Alors que notre économie traverse actuellement une crise grave, il est important que la BPI soit en mesure de répondre de manière réactive aux difficultés conjoncturelles pour en limiter l'ampleur de l'impact. Mais, au-delà de son rôle contra-cyclique, la BPI est avant tout un outil destiné à poser les bases d'un financement sain de nos entreprises sur le long terme.

Enfin, il faut souligner que la BPI n'est elle-même qu'un aspect de la politique générale de redressement industriel et productif engagée par le Président de la République et le Premier ministre.
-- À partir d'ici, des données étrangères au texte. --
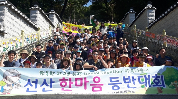선산초등학교(교장 서옥선)가 27일 인성교육의 일환으로 학생과 학부모, 교원들이 함께 참여하는 선산 한마음 등반대회를 실시했다.

C'est une pièce dans un vaste édifice en train de se mettre en place. D'abord, la BPI s'inscrit dans une réforme globale du financement de notre économie, réforme qui comprendra aussi une réforme bancaire pour séparer les activités spéculatives des activités de financement de l'économie réelle, ainsi que la création d'une nouvelle bourse pour les PME-ETI. Dans ce chantier du financement, il faudra sans doute aussi se pencher sur la question des délais de paiement et du crédit inter entreprises. Enfin, la réforme du financement des entreprises s'inscrit à son tour dans un pacte de compétitivité plus global, qui implique des réformes fortes dans le domaine de la compétitivité coût et hors-coût.

Réunie le mercredi 5 décembre 2012, la commission des Affaires économiques a émis un avis favorable à l'adoption du projet de loi relatif à la création de la banque publique d'investissement, sous réserve des amendements qu'elle a adoptés.